Baseball players are in the practice of putting the prior day's activities behind them and moving on to the next game. Sunday surely tested that practice given that there were so many things that needed to be put in the rearview mirror. Even Rays manager Joe Maddon conceded such days can test that mind-set.
"I get so locked in to what you're supposed to be doing that day and the process, it tests the fact that with Grant, it's such a fluke thing," said Maddon, noting that he would not have Balfour in the bullpen for a while. "If you want to lament something, just do that. But do it briefly, because it's not reality.

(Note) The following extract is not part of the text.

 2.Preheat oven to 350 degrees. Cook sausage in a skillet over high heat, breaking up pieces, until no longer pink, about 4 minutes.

"I had to think last night about what we were going to do today against [CC] Sabathia minus two of our regular players -- with a guy [Sean Rodriguez] playing first base today that normally doesn't -- but I think it's going to be just fine.

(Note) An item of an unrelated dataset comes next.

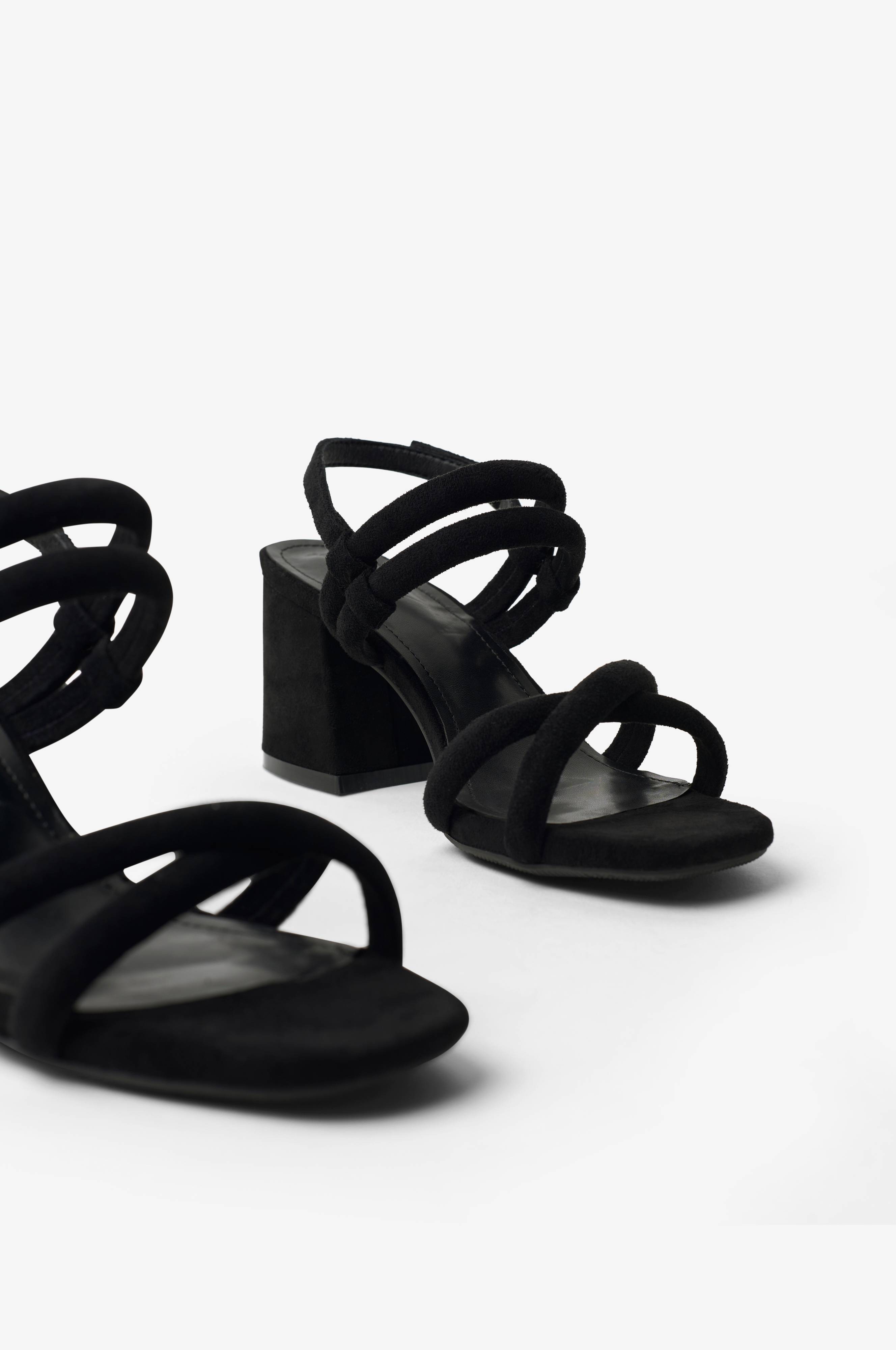 • Krydsende remme ved tæerne• To remme over foden• Justérbar rem ved anklen• Blokhæl• Hælhøjde: 7 cm

"'How do you score enough runs to beat Sabathia today?' These are the things I'm thinking about. I wasn't locked in on, 'Balfour can't play today,' 'Pena can't play today' or 'Zobrist can't play.' It's, 'How do you beat them with what you have?' and that's how we are."
B.J. Upton said he had already forgotten about Saturday night's game and what transpired throughout the day.
"It was a weird day -- Trade Deadline and all of that," Upton said. "We played the Yankees a tight ballgame, and that's all you can ask. These games are going to be close. So whatever happened yesterday is in the past."
Despite the magnitude of everything that transpired on Saturday, Upton noted he'd already forgotten Saturday.
"They all run together for me," Upton said. "I'm pretty sure most of the guys in the clubhouse are like that, too."
Dan Wheeler called forgetting the prior day "a part of their jobs."
"It's almost like a bullpen guy," Wheeler said. "If I have a bad outing, I have to be able to come out the next day and put up a zero."